I should start this review by saying that I’ve previously read both of Gillian Flynn’s novels after seeing her at the festival in 2012. The reviews of Dark Places and Gone Girl can be read by following the links, but for those of you too busy with all your last minute Christmas shopping, its suffice to say I really enjoyed both those books. Therefore I was looking forward to reading Sharp Objects, which was actually the authors debut novel.
Camille is now a reporter in Chicago. She is told to return to her home town of Windy Gap where one young girl has been murdered and another recently disappeared. When the bodies turn up their teeth have been removed. Camille’s mother still lives in the small town and has a teenage daughter called Amma who she dotes on, almost to the point of obsession. She had a third daughter that both she and Camille adored, but Marian was a sickly child who died when young.

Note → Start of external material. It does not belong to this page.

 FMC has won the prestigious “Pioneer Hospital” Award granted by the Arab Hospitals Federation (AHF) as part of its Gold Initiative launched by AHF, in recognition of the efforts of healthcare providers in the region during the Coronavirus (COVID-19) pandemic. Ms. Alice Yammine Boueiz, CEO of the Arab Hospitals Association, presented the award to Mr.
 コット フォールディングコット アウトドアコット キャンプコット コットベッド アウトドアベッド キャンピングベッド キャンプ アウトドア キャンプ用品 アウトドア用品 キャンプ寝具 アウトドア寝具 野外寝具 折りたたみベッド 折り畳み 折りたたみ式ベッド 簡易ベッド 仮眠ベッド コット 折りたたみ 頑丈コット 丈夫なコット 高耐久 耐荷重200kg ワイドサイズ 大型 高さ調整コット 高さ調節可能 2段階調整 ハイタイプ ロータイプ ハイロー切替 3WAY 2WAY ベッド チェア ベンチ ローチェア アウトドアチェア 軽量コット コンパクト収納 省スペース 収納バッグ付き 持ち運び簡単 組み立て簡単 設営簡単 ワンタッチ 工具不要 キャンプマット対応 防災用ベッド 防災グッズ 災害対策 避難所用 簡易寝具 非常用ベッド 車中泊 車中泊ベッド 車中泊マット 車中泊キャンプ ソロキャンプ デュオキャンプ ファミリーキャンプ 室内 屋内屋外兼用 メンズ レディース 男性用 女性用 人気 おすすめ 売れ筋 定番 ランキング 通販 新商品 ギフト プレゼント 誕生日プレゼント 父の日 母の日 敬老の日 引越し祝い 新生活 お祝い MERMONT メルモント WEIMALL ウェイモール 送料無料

This story explores not only Camille’s relationship with her mother, but also her return to a small town where she was very unhappy. Alongside this it becomes obvious that Amma is not quite the sweet little girl that the family seem to think.

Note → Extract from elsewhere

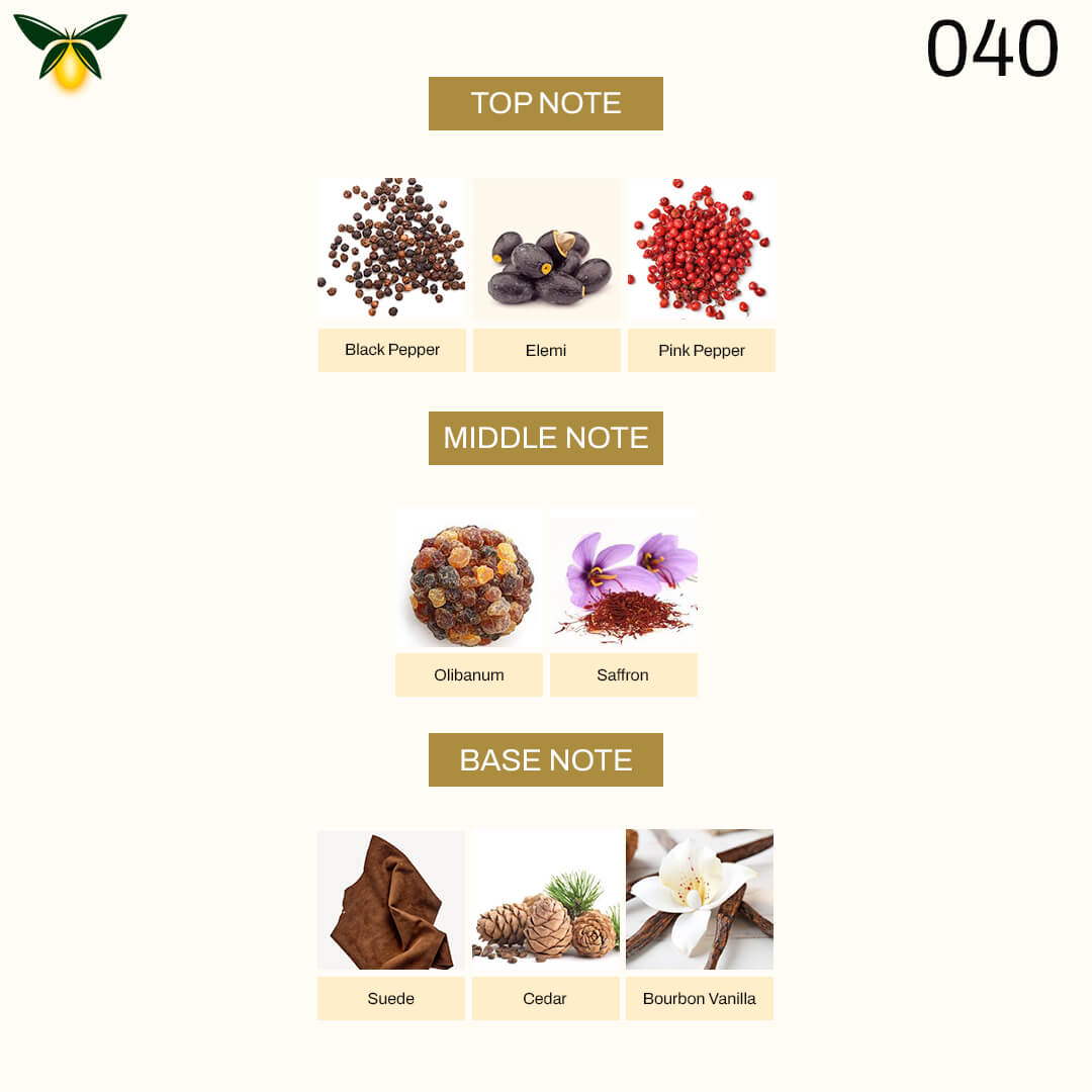 Top Notes: Black and Pink Pepper, Black Pepper, elemi and Pink Pepper

As mentioned earlier this was Gillian Flynn’s debut novel, but actually the third one of hers that I’d read. Unfortunately I didn’t think it was as good as the previous ones, but that’s probably to be expected. I imagine writing is like any skill it gets better with practice. The story itself is quite good, and the ending was sufficiently unpredictable, but I just felt it maybe wasn’t written as well as it could have been. The characters were all a bit unpleasant and I struggled to warm to any of them, especially Camille.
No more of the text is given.